The latest in what we know, and don’t, about the deadly attack on Wednesday in London, where a man driving a sport utility vehicle crushed panicked pedestrians on Westminster Bridge and then stabbed and killed a police officer outside Parliament.
What We Know
• At least five people were killed, including the attacker and a police officer, and 40 were wounded in an attack in London on Wednesday, the head of London’s Metropolitan Police counterterrorism unit said.
• The driver of a large vehicle mowed down pedestrians on Westminster Bridge, which leads to Parliament, around 2:40 p.m. After the crash, he left the vehicle and approached Parliament, where he fatally stabbed a police officer. The police then fatally shot him.
• Parliament was locked down and a search was conducted for any other assailants in the area. The police said they believed there was only one attacker.
• Three people who were run over on the bridge died, and the Port of London Authority said another woman was pulled from the River Thames with severe injuries.
• The police officer who was killled, Keith Palmer, 48, had 15 years of service and was a member of the parliamentary and diplomatic protection division of the Metropolitan Police.
• Others injured on the bridge included three police officers and several French high school students.
• The police said officers had been summoned to the bridge after reports of “a firearms incident,” and witnesses reported gunfire near an office building for lawmakers and their staff members.
• The police said a “full counterterrorism investigation was underway.”
• Prime Minister Theresa May was taken from the scene in a silver Jaguar as the gunfire erupted.
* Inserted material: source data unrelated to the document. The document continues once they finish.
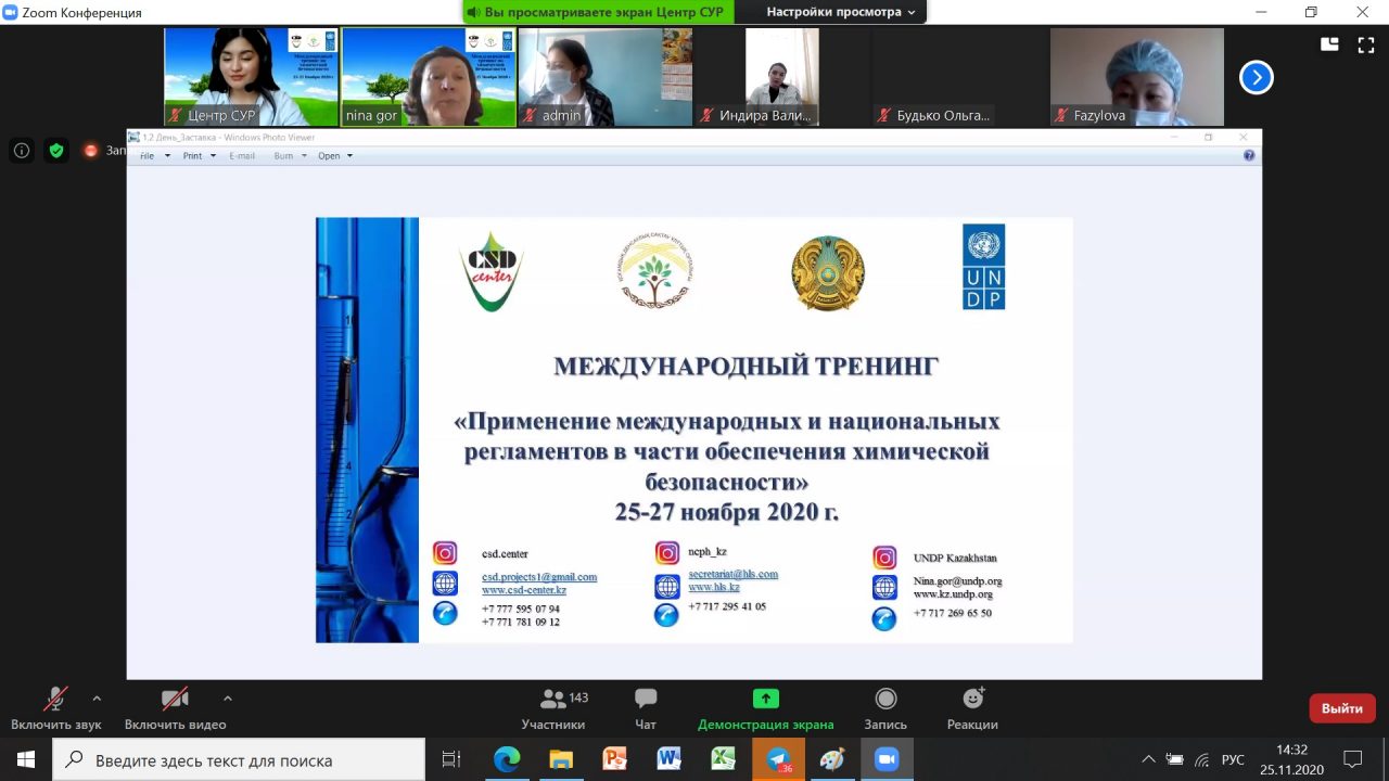 25-27 ноября 2020 года в онлайн режиме состоялся международный тренинг на тему: «Применение международных и национальных регламентов в части обеспечения химической безопасности», участие в котором приняли 173 экспертов из России, Белорусии и Казахстан.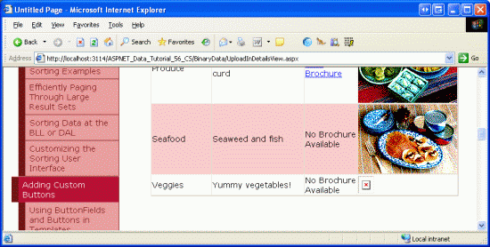 確認(rèn)頁面要求上傳一張圖片,且不接受非PDF或非JPG文件。添加一個包含JPG格式圖片的新類別,將Brochure列置空,點擊Insert按鈕后,頁面回傳,將為Categories表添加一個新記錄,同時上傳的圖片數(shù)據(jù)直接存儲進數(shù)據(jù)庫。GridView控件更新后,將新添加的類顯示出來。但是,就像圖10所示的那樣,類的圖片沒有正確的顯示出來。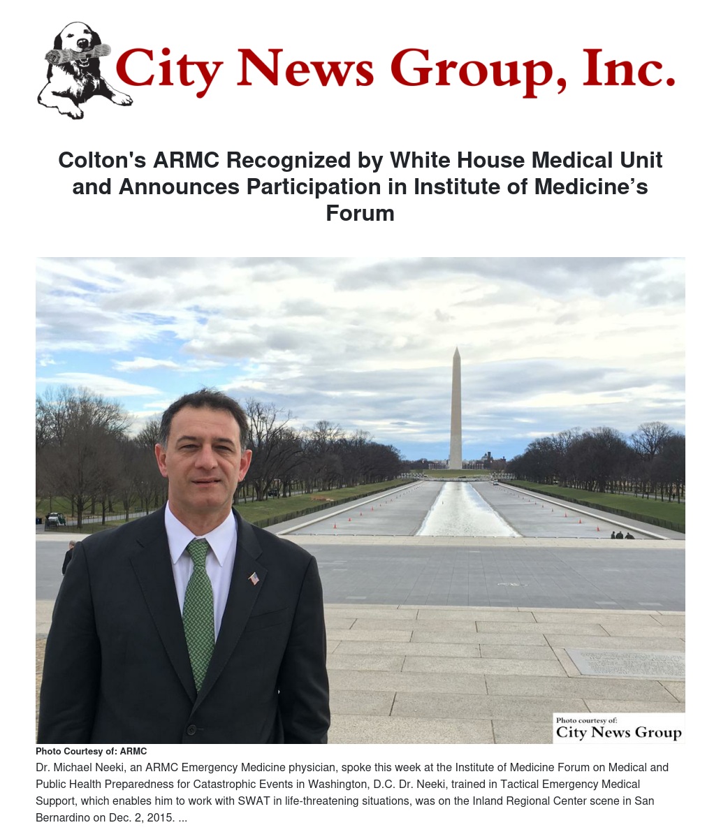 Colton's ARMC Recognized by White House Medical Unit and Announces Participation in Institute of Medicine’s Forum

She later denounced “the sick and depraved terrorist attack on the streets of our capital this afternoon.”
• One of the busiest sections of London was cordoned off and evacuated, the Westminster station of London’s subway system was closed, and additional police officers have been stationed across the capital.
What We Don’t Know
• The identity and motives of the attacker, although Scotland Yard officials said they believed they knew who he was. No group has so far claimed responsibility for the attack. The “working assumption” of the police is that the attacker was inspired by “international terrorism,” according to Mark Rowley, the acting deputy commissioner and national lead for counterterrorism with the Metropolitan Police.
• The severity of the injuries among many of the 40 who were wounded in the attack.